-------- Input records --------
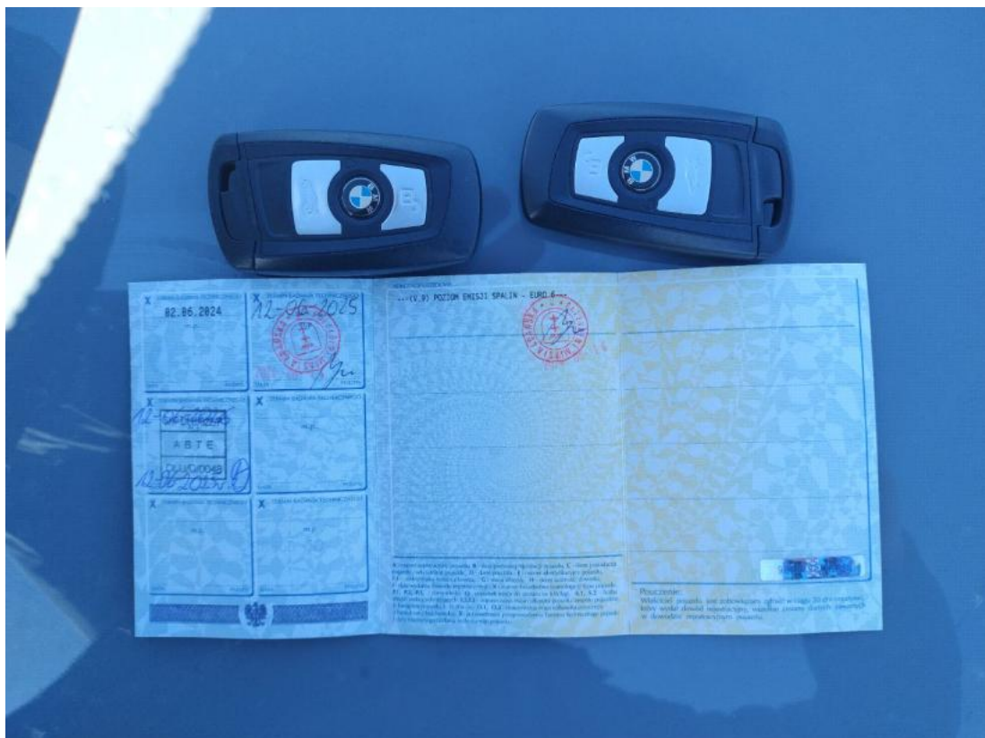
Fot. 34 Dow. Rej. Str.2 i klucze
--------
-------- Input records --------
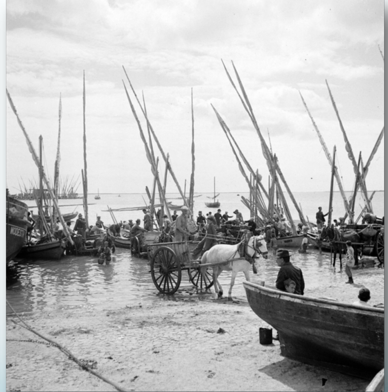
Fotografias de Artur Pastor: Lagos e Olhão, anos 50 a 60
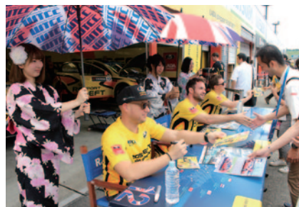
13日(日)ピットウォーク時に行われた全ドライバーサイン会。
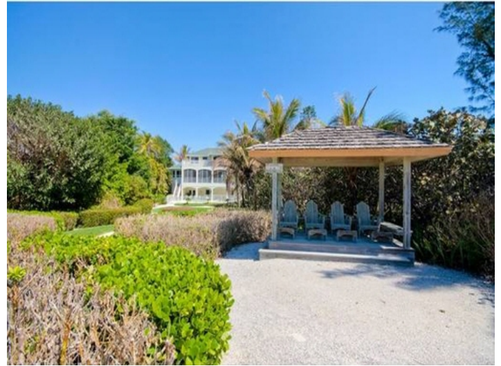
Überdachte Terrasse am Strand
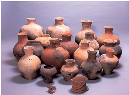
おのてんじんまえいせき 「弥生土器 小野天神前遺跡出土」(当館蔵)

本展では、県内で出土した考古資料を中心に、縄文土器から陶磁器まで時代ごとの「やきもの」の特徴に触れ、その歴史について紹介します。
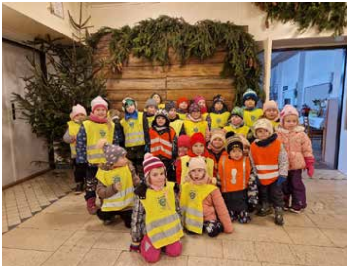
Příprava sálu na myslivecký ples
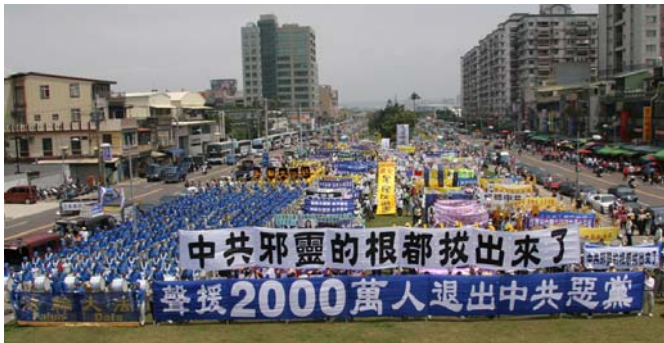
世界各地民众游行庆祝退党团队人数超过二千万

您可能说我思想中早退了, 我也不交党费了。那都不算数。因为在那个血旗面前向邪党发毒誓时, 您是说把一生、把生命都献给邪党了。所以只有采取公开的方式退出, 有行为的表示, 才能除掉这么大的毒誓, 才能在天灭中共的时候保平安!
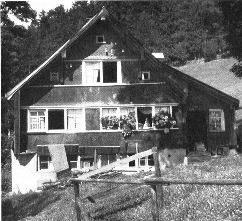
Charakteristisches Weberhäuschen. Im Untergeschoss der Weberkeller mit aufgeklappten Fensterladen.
--------
-------- Input records --------
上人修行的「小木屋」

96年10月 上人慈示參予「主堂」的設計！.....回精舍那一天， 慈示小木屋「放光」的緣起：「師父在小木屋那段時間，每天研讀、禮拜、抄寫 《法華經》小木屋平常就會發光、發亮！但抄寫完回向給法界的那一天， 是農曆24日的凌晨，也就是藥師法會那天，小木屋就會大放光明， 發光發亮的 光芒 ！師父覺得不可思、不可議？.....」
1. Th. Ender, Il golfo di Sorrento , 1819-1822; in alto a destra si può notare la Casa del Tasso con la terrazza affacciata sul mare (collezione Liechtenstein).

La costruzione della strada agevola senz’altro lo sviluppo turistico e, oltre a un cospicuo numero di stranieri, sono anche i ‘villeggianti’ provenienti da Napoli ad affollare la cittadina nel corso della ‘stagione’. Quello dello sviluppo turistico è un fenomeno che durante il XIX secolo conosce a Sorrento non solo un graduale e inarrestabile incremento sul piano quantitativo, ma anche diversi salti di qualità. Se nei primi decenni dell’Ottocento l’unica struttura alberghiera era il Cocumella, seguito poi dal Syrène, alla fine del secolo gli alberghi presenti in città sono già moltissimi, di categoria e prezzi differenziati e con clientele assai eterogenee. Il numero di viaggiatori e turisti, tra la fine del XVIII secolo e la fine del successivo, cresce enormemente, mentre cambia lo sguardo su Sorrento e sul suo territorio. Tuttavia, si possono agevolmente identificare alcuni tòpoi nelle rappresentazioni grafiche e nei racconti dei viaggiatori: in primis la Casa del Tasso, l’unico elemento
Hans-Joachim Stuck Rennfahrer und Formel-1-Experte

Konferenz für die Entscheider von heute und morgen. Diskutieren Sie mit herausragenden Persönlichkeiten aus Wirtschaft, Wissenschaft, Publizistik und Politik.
--------
What needs to be done
Range to copy from the records above: the line containing "おのてんじんまえいせき 「弥生土器 小野天神前遺跡出土」(当館蔵)" to the line containing "Charakteristisches Weberhäuschen. Im", both included. Output those lines exactly and only those, skipping pictures.

Task solution
おのてんじんまえいせき 「弥生土器 小野天神前遺跡出土」(当館蔵)

本展では、県内で出土した考古資料を中心に、縄文土器から陶磁器まで時代ごとの「やきもの」の特徴に触れ、その歴史について紹介します。
Příprava sálu na myslivecký ples
世界各地民众游行庆祝退党团队人数超过二千万

您可能说我思想中早退了, 我也不交党费了。那都不算数。因为在那个血旗面前向邪党发毒誓时, 您是说把一生、把生命都献给邪党了。所以只有采取公开的方式退出, 有行为的表示, 才能除掉这么大的毒誓, 才能在天灭中共的时候保平安!
Charakteristisches Weberhäuschen. Im Untergeschoss der Weberkeller mit aufgeklappten Fensterladen.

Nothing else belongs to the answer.